Directionality of DNA Synthesis

• DNA synthesis occurs only in the 5' to 3' direction due to the orientation of DNA polymerases.

• Replication Forks:

  • Formation of a replication bubble occurs at origins of replication, where DNA helicase unwinds the double helix. Synthesis occurs 5' → 3' in both directions as replication forks expand.

  • Eukaryotic chromosomes have multiple origins of replication for efficient synthesis, while bacterial chromosomes typically have a single, well-defined origin.

Leading vs. Lagging Strand Synthesis

• Leading Strand:

  • Continuous synthesis is facilitated by a single RNA primer synthesized by primase. It is synthesized in the same direction as the advancing replication fork.

  • Single-strand binding proteins (SSBPs) stabilize strands, helicase unwinds DNA, and topoisomerase relieves torsional strain to prevent supercoiling during replication.

• Lagging Strand:

  • Characterized by discontinuous synthesis; consists of short DNA fragments known as Okazaki fragments. Each fragment requires a new RNA primer to initiate its synthesis periodically.

  • After synthesis, each fragment must be joined together by DNA ligase to create a continuous strand.

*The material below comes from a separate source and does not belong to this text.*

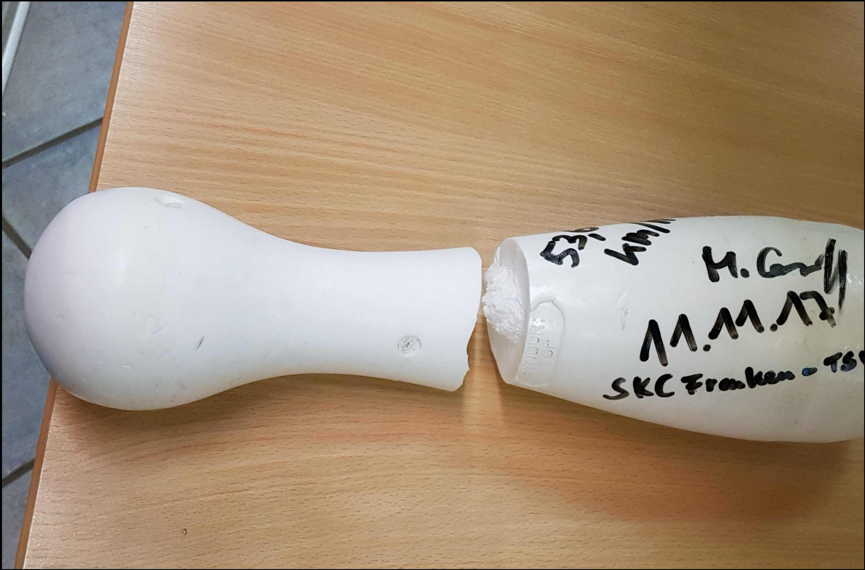 Nein, natürlich nicht. Durch den beherzten Einsatz mit einer klasse Montagsleistung außerhalb des aktiven Kegelsports, konnten Opi und Maximum den Defekt beheben. Der Sensor an der Lichtschranke für den Übertritt auf Bahn 1 ging nicht mehr.

The End Replication Problem

• Linear chromosomes face challenges in completely finishing the replication process at their ends, potentially leading to the progressive loss of genes due to the inability to replace RNA primers with DNA. This issue can result in telomere shortening with each replication cycle.

• Telomerase:

  • An enzyme that extends unreplicated ends of chromosomes using its embedded RNA template to prevent the loss of vital genetic information, thus maintaining chromosome integrity and playing a role in cellular aging and cancer biology.

DNA Repair Mechanisms

• Proofreading:

  • During synthesis, DNA polymerase can detect and correct mismatched bases, ensuring high fidelity in DNA replication. This proofreading activity significantly reduces the rate of mutation.

• Mismatch Repair:

  • Involves various enzymes that recognize and repair mismatches in base pairs that escape the proofreading function of DNA polymerases. This system is critical for maintaining genomic stability.

• Excision Repair:

  • A multi-step mechanism involving damage detection and the removal of damaged DNA segments. Following the removal, repair synthesis fills gaps with the correct nucleotides, ensuring that the DNA sequence is restored accurately.

Key Concepts Summary

• DNA replication is essential for genetic continuity and involves specific models of synthesis, a variety of enzymes, and efficient repair mechanisms. These processes are crucial for maintaining genetic integrity through successive generations and have implications in understanding hereditary diseases and developing therapeutic interventions.